SECONDMENTAGREEMENT
Exhibit 1.01
SECONDMENT AGREEMENT
This agreement (the Secondment Agreement), dated as of January 17, 2006, is made and entered into between New York Stock Exchange, Inc. (NYSE), a New York not-for-profit corporation, Archipelago Holdings, Inc. (Arca), a Delaware corporation, and Nelson Chai (Chai), an individual (each individually sometimes called a Party, and, collectively, the Parties).
WHEREAS, Arca has agreed that it will make Chai available to NYSE to perform the Services, as defined below, during the Secondment Period, as defined below;
WHEREAS, Chai has agreed to provide the Services to NYSE during the Secondment Period; and
WHEREAS, the Parties desire to enter into this Secondment Agreement to set forth the terms and conditions under which Chai will provide the Services to NYSE during the Secondment Period;
NOW, THEREFORE, in consideration of the premises and the mutual agreements of the Parties contained herein and for other good and valuable consideration, the receipt and sufficiency of which are hereby acknowledged, the Parties hereto agree as follows:
Section 1. Definitions. The following initially capitalized terms, as used in this Secondment Agreement, have the following meanings:
(a) Secondment Period means that period commencing when NYSEs Chief Executive Officer determines and advises Chai that he should commence providing the Services and ending upon the termination of this Secondment Agreement as hereinafter provided.
(b) Services means all services commensurate with the duties of the Chief Financial Officer of NYSE during the Secondment Period. Without limiting the generality of the foregoing definition of Services, it is contemplated that during the anticipated Secondment Period Chais Services shall include, but not be limited to, those set forth in Exhibit A attached hereto.
Section 2. Chais Continued Employment with Arca. During the Secondment Period: (i) Arca shall make Chai available to NYSE for the purpose of performing the Services for or on behalf of NYSE and (ii) Chai agrees to perform the Services for and on behalf of NYSE. Notwithstanding the foregoing, Chai will at all times during the Secondment Period continue to be an employee of, and an employee only of, Arca. Chai shall be subject to the personnel policies and other terms and conditions of employment administered by Arca with respect to its employees, generally, and shall be entitled to receive from Arca all benefits, perquisites and privileges available generally to Arca employees, whether or not seconded. Chai shall also be subject to NYSEs Statement of Business Conduct and Ethics for Non-NYSE Personnel, NYSEs fingerprinting policy and NYSEs other policies and procedures that apply to independent contractors, generally, while providing the Services to NYSE pursuant to this Secondment Agreement. During the Secondment Period, Chai shall report to, and receive substantive direction regarding his duties from, NYSEs Chief Executive Officer.
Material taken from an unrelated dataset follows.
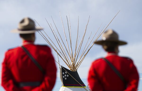 Two RCMP officer stand in front of a Blackfoot tipi on the Siksika Nation on September 30, 2021. The Blackfoot Siksika Nation recognized the first ever National Day for Truth & Reconciliation with a commemorative ride, a walk from the old residential school, words from nation elders, and traditional dancers.Gavin John/The Globe and Mail
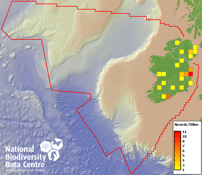 Distribution of the number of records recorded within each 10km grid square (ITM).Marine Map - 50km

Section 3. Salary and Benefits. During the Secondment period, Arca, and not NYSE, shall pay Chais salary and provide any insurance, pension and other benefits to which he is entitled as an employee of Arca and under any written or oral agreements or understandings with respect to his employment with Arca (collectively, the Chai Employment Arrangements).
Section 4. Representations and Understandings. Arca and Chai agree that Chais Services to NYSE during
the Secondment Period are not in violation of the Chai Employment Arrangements and that NYSEs receipt of the Services from Chai does not constitute interference with or other violation of any entitys rights under the Chai Employment Arrangements nor cause Chai to be an employee of NYSE for any purpose. Chai hereby waives any right or claim against NYSE to employment by NYSE during the Secondment Period, whether unilaterally or jointly, and for any compensation, salary, employment or retirement benefits of any kind in connection with the Services or any other work provided to NYSE during the Secondment Period, except only those obligations specifically set forth in Section 5 hereof.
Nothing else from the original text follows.